Exercise directions. From the first line of the records below through the line with "Natural Multi Color", output each line exactly; skip the pictures.

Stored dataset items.

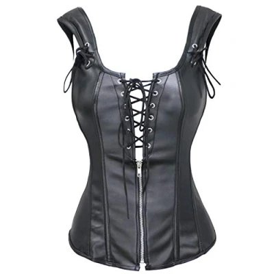 Materials: Made up of 50% PU and 50% Rayon High quality vintage medieval style corset. The front part is zipper closure while the back is lace up closure Size: S, M, L, XL, XXL (Please choose the corset according to waist size) The packages contains the corset, matching g string. Hand wash is recommended, do not use machine to wash Designed as Casual Wear or Part of Costume Outfit, Perfect for renaissance party, pirate, cosplay, festival, costume party and clubbing and any other occasions
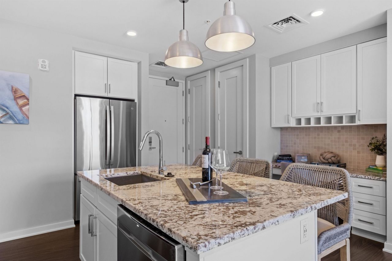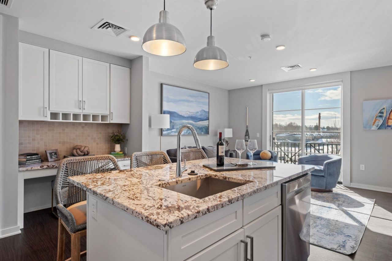 Welcome to 51 Elm Street, Unit 205, offering effortless, one-level living in the heart of the Lakes Region, ideally situated between Lake Winnipesaukee and Lake Opechee. This spacious single-floor, one-bedroom residence spans over 1,000 square feet and delivers a smart, open layout designed for both comfort and convenience. At the center of the home is a beautifully appointed kitchen with a custom island?perfect for entertaining, casual dining, or everyday living. The kitchen flows seamlessly into a bright, expansive living area filled with natural light, creating a space that feels open, modern, and inviting. Thoughtful design allows for easy movement throughout the unit, all on one level?no stairs, no hassle. Designer-grade finishes and premium materials elevate the space, blending timeless style with a fresh, contemporary edge. Every detail has been carefully curated to feel polished yet livable, offering a refined aesthetic that will stand the test of time. Life at 51 Elm is all about low-maintenance, lock-and-leave convenience. Enjoy elevator access, an attached covered garage for year-round ease, and amenities that rival luxury urban living?including a state-of-the-art fitness center and a one-of-a-kind rooftop deck with sweeping views, a rare offering in the Lakes Region. From the dramatic arched entry to the tech-forward features throughout, Unit 205 delivers a no-compromise lifestyle?ideal as a full-time residence, weekend escape, or in-town home base close to dining, shopping, and waterfront attractions.
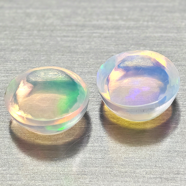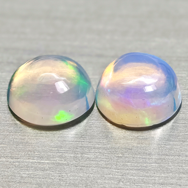 Natural Multi Color Opal 1.48 Ct. 2 Pcs Round Cabochon Shape 6.9 Mm Gemstones
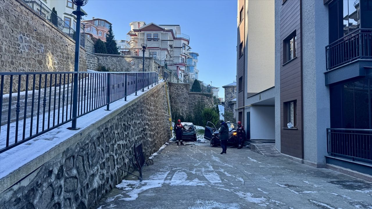 Boztepe Mahallesi'nde F.H'nin (51) kullandığı 61 FH 822 plakalı SUV tipi araç, buzlanma nedeniyle sürücüsünün direksiyon hakimiyetini kaybetmesi sonucu sitenin bahçesine devrildi.
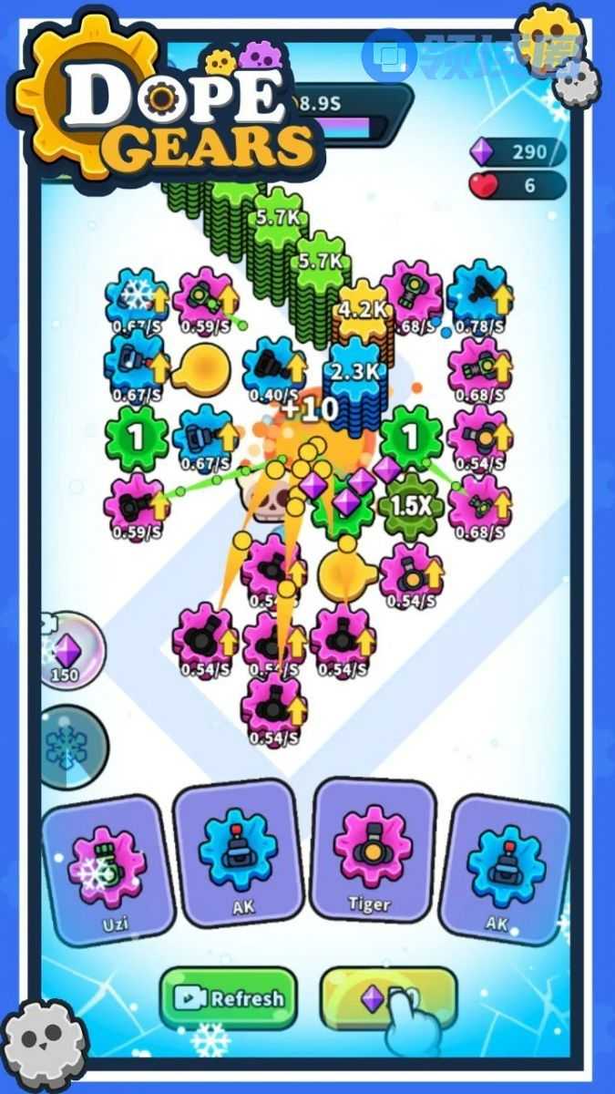 介绍:关卡中有路线和几个齿轮拨片,玩家把炮台放到对应拨片处,拨动炮台齿轮关节,蓄力发射炮台的防御。波次敌人之间可以选择进行炮台合成升级或者放置新的炮台。
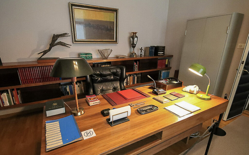 Työhuoneen ovi on äänieristetty ja ikkunoissa on luodinkestävät lasit. Pöydällä on Kekkosen aikainen kalenteri. Siihen presidentti on kirjannut erään torstain päivän kohdalle: Valtiopäivien avajaiset. Seuraavan päivän kohdalle on kirjoitettu: Kalastamaan Brasiliaan.

Task output.
 Materials: Made up of 50% PU and 50% Rayon High quality vintage medieval style corset. The front part is zipper closure while the back is lace up closure Size: S, M, L, XL, XXL (Please choose the corset according to waist size) The packages contains the corset, matching g string. Hand wash is recommended, do not use machine to wash Designed as Casual Wear or Part of Costume Outfit, Perfect for renaissance party, pirate, cosplay, festival, costume party and clubbing and any other occasions
 Welcome to 51 Elm Street, Unit 205, offering effortless, one-level living in the heart of the Lakes Region, ideally situated between Lake Winnipesaukee and Lake Opechee. This spacious single-floor, one-bedroom residence spans over 1,000 square feet and delivers a smart, open layout designed for both comfort and convenience. At the center of the home is a beautifully appointed kitchen with a custom island?perfect for entertaining, casual dining, or everyday living. The kitchen flows seamlessly into a bright, expansive living area filled with natural light, creating a space that feels open, modern, and inviting. Thoughtful design allows for easy movement throughout the unit, all on one level?no stairs, no hassle. Designer-grade finishes and premium materials elevate the space, blending timeless style with a fresh, contemporary edge. Every detail has been carefully curated to feel polished yet livable, offering a refined aesthetic that will stand the test of time. Life at 51 Elm is all about low-maintenance, lock-and-leave convenience. Enjoy elevator access, an attached covered garage for year-round ease, and amenities that rival luxury urban living?including a state-of-the-art fitness center and a one-of-a-kind rooftop deck with sweeping views, a rare offering in the Lakes Region. From the dramatic arched entry to the tech-forward features throughout, Unit 205 delivers a no-compromise lifestyle?ideal as a full-time residence, weekend escape, or in-town home base close to dining, shopping, and waterfront attractions.
 Natural Multi Color Opal 1.48 Ct. 2 Pcs Round Cabochon Shape 6.9 Mm Gemstones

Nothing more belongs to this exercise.